At forty you're no kid! Sooner or later, whoever pays your salary will notice that "the new kid" is a lot better/quicker than you - and a whole lot cheaper! Then you, the fading techie hotshot, will be out, and the boss will reward the kid with your job. Especially since you really havn't done a whole lot of hands-on with the new-new-newest network equipment, which came in a few months ago, because you've been busy with your own life (for a change!).
Trust me - you'll be out on the street, generally at a time when jobs are scarce.
How do I know? I've been a working techie since 1956. It's happened to me several times; I've seen it time and time again.
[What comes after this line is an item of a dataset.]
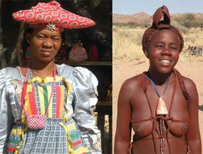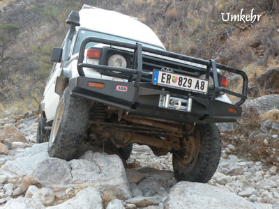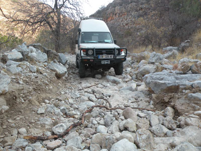 Montag, 28. September 9, Tag 6, Robbies-Pass Was für ein Tag! Es gibt nur ein Wort dafür: Unbeschreiblich. Doch von vorne: Es fängt alles bestens an. Der reparierte Reifen ist dicht. Dann laufen mir gleich auf der Hauptstraße nach Sesfontein ein paar Zebras, Giraffen, ein Oryx und jede Menge Antilopen über den Weg. An einem Stand an der Straße kaufe ich ein paar Herero-Puppen. In Sesfontein gibts keinen Diesel, macht nichts, muss ich halt irgendwann Opuwo ansteuern. An einer Straßenküche esse ich schon am Vormittag Fleisch aus dem Kessel. Brot gibt es keines, dafür "gebackene Mäuse". Schon bei meinem letzten Aufenthalt im Kaokoveld hat mich der auf der Baedeker-Karte eingetragene Robbies-Pass neugierig gemacht. Die Karte zeigt eine Straße##, die von Sesfontein über den Pass direkt nach Norden nach Kaoko Otavi führt und gibt 92 Kilometer an. Doch im Ort zweigt nirgendwo eine Straße ab. Nachdem ich mehrmals gefragt habe und niemand den Pass kannte, will ich schon umdisponieren und Richtung Purros fahren, doch da sehe ich wenige Kilometer außerhalb von Sesfontein einen Abzweig nach Norden. Ich fahre die Straße rein, sie führt zu einem Camp, doch eine dünne Spur führt weiter, zunächst einen Berg hinauf, dann drüben sehr steil runter, es ist sehr steinig, dann geht es durch ein trockenes steiniges Flussbett und dann wieder eben dahin. Plötzlich münde ich in eine relativ breite Schotterstraße ein. Erst einige Zeit später wird mir klar, dass dies wieder die Straße von Sesfontein nach Purros ist, die einen großen Bogen beschreibt. Die Abkürzung, die ich gemacht habe, hat sicher fünfmal so viel Zeit benötigt, als die Hauptstraße. Also ist nichts mit dem Pass und es geht doch nach Purros. Nach kurzer Fahrt kommt ein Wegweiser (S19 04.600 E13 32.511) mit der Aufschrift "Otjikondavirongo Primary School 41 km". Dieses Dorf ist auf der Karte etwa in der Mitte zwischen Sesfontein und Kaoko Otavi, kurz vor dem Robbies-Pass verzeichnet. Also doch Pass! Anfangs ist die Piste noch halbwegs zügig befahrbar, doch sie wird zunehmend schlechter. In einem Hererokral (S18 54.418 E13 32.185) halte ich. Es scheint nur in einer kleinen Hütte jemand zu sein, doch ich bin erstaunt, wie viele Frauen und Kinder da herauskommen. Die Damen wollen zuerst nicht fotografiert werden, doch als ich ihnen ein paar Kartoffeln schenke, darf ich. Die Erdäpfel werden interessiert beäugt, sowas haben die Frauen noch nicht gesehen. Ich versuche zu erklären, dass man die Dinger kochen muss vor dem Essen, aber keine versteht mich. Erst als ich eine Kartoffel in den Topf am Feuer schmeiße, kennen sie sich aus. Wir haben dann noch eine Menge Spaß, als eine der Frauen Fotos mit meiner Kamera machen darf. Otjikondavirongo (S18 45.669 E13 32.293) besteht eigentlich fast nur aus der Schule. Nur ein paar unbewohnte Hütten stehen im Respektabstand. Eine Menge Kinder spielen vor der Schule. Als ich nach dem Robbies-Pass frage, verstehen sie mich nicht und holen den Lehrer. Der kennt den Pass auch nicht und meint, der Weg nach Kaoko Otavi führt über Sesfentein. Als ich nachhake, meint er, es gäbe schon noch einen anderen auch noch, aber da fährt kaum jemand, weil so viele Steine sind. Er gibt die Fahrzeit mit 4 Stunden an. "Fährt kaum jemand" und "viele Steine" macht mich jetzt erst recht neugierig auf den Pass. Zuerst geht es allerdings ziemlich eben dahin, immer wieder sind trockene Bach- und Flussbetten zu durchqueren, teils geht es recht steil runter und rauf. Bei einer solchen Bachbettquerung sitze ich mit der hinteren Stoßstange auf und die Räder drehen trotz Allrad durch. So kommt die neue Seilwinde zu ihrem ersten Einsatz. Funktioniert bestens, gleich bin ich draußen. Es dauert halt eine Weile, bis das Seil wieder anständig auf der Rolle ist, Handschuhe und Bedienteil ordentlich verstaut und die Hände gewaschen sind. 200 Meter später das gleiche wieder. Diesmal klappt es aber erst auf den dritten Versuch, denn die ersten zwei Bäume sind im Nu entwurzelt. Nun wird der Weg immer steiniger, die Steine immer größer und dann dreht der Weg in ein enges Tal hinein, an dessen Ende der Pass sein muss. Nun geht es nur mehr mit Allrad im ersten Gang und Untersetzung, maximal im Schritttempo. Die Steine, über die es drüber geht, werden immer größer, mehrmals steige ich aus, um zu überlegen, wo es drüber gehen könnte. Zudem wird der Baum- und Buschbestand immer dichter, sodass mein Buschmesser mehrmals zum Einsatz kommt, aber dennoch mein Toyo viele Kratzer einstecken muss. Schon bin ich am Zweifeln, dass der Weg überhaupt befahrbar ist, dass das überhaupt ein Weg ist. Doch auf den kurzen sandigen Abschnitten sind vereinzelt Reifenspuren erkennbar. Da ist also schon mal jemand gefahren. Also weiter! Als ich ein längeres Stück im Flussbett über riesige Steine hopple, kommt mir ein Eselsgespann entgegen. Jetzt ist es mir klar, wo die Reifenspuren herkommen. Der kleine Wagen hüpft leicht überall drüber. Der Lenker des Eselkarren kann leider kein Englisch außer "smoke". Ich fahre weiter und es wird immer schwieriger, manschmal sitze ich schon mächtig auf den Steinen auf. Mehrmals denke ich ans Umkehren, doch jedesmal, wenn ein Platz kommt, an dem man umdrehen könnte, geht's wieder ein Stück leichter voran. Als ich dann an eine Stelle komme, wo ich glaub, ich komm unmöglich drüber, will ich zurückschieben, doch das geht keinesfalls, weil ich nicht sehe, wo ich hinfahre. Also nach vorne! Ich schwöre, wenn ich da drüber komm, dann dreh ich bei nächster Gelegenheit um und kapituliere vor dem Robbies-Pass. Und ich komme drüber. Dann kommt auch ein Platz (S18 39.298 E13 31.584), der grade groß genug zum Wenden ist und nun die ganze Tortur nochmals, ich bin von der Schule etwa 15 Kilometer entfernt und habe dafür fast drei Stunden benötigt. Ich schwitze wie ein Irrer, denn schon vor ein paar Stunden ist die Klimaanlage ausgefallen. Ich hab auch schon unter der Motorhaube nachgeseh
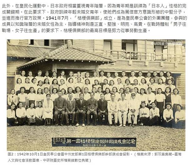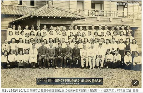 昭和17(1942)年10月1日,屬於皇民奉公會臺中州支部的桔梗俱樂部,舉行幹部鍊成(訓練)會。太平洋戰爭爆發後,皇民奉公會積極開始活動,除了男女青年團之外,還招募女生組織桔梗俱樂部,參與地方防衛活動。桔梗俱樂部幹部訓練 | 開放博物館 https://bit.ly/3x0wfZu

Jonathan - take a job where your soon to be grey hair is respected, not snickered over. Where? Somewhere in "management" - even at the lowest supervisory levels, to begin with. Take a pay cut, if necessary. Because the Money guys on the Board of Directors always feel more comfortable with people nearer their own age - like you - managing the kids with the latest techie smarts. You can take that to the bank. "Dot-Com's" run by twenty year olds wearing their hats on backwards will be gobbled up by GE or Computer Associates et al at the next market slump. To prosper, you need to jump into a Supervisory position where you are doing more administration (shudder! Retch!) than tech. Somebody reliable has to validate people's time cards, purchase new equipment, check out new sites for stores, etc. Somebody trustworthy.
Once your in, you've got to politic your way up. Learn to talk some "Boardspeak" and the current MBA buzzwords even if you don't have the MBA degree. The guys with the money will be delighted to have somebody who sort of looks like them, dresses like them, and knows who the Beatles were, dealing with the kids doing the work.
Beware! The next generation of equipment will see "Helpdesk" become an automatic function, and those vaunted network "designs" - which are really just cookbook configurations with little real human skill involved. Companies simply won't continue to pay the bucks they are paying now to have guys essentially do the same work - out of the CISCO manuals - over and over. Somehow, some day soon, you are going to have computers and networks that set themselves up automatically, right out of the box.
Trust me - I started out designing vacuum tube equipment in the 'fifties, busted my head learning Boolean Algebra and programming in the 'sixties, new product development in the 'seventies, "Big Eight" consulting in the 'eighties, independent consultant in the 'nineties. I've gone through the entire cycle again and again.
Jonathan - you'll never be this young again!Get thee into "management", and prosper!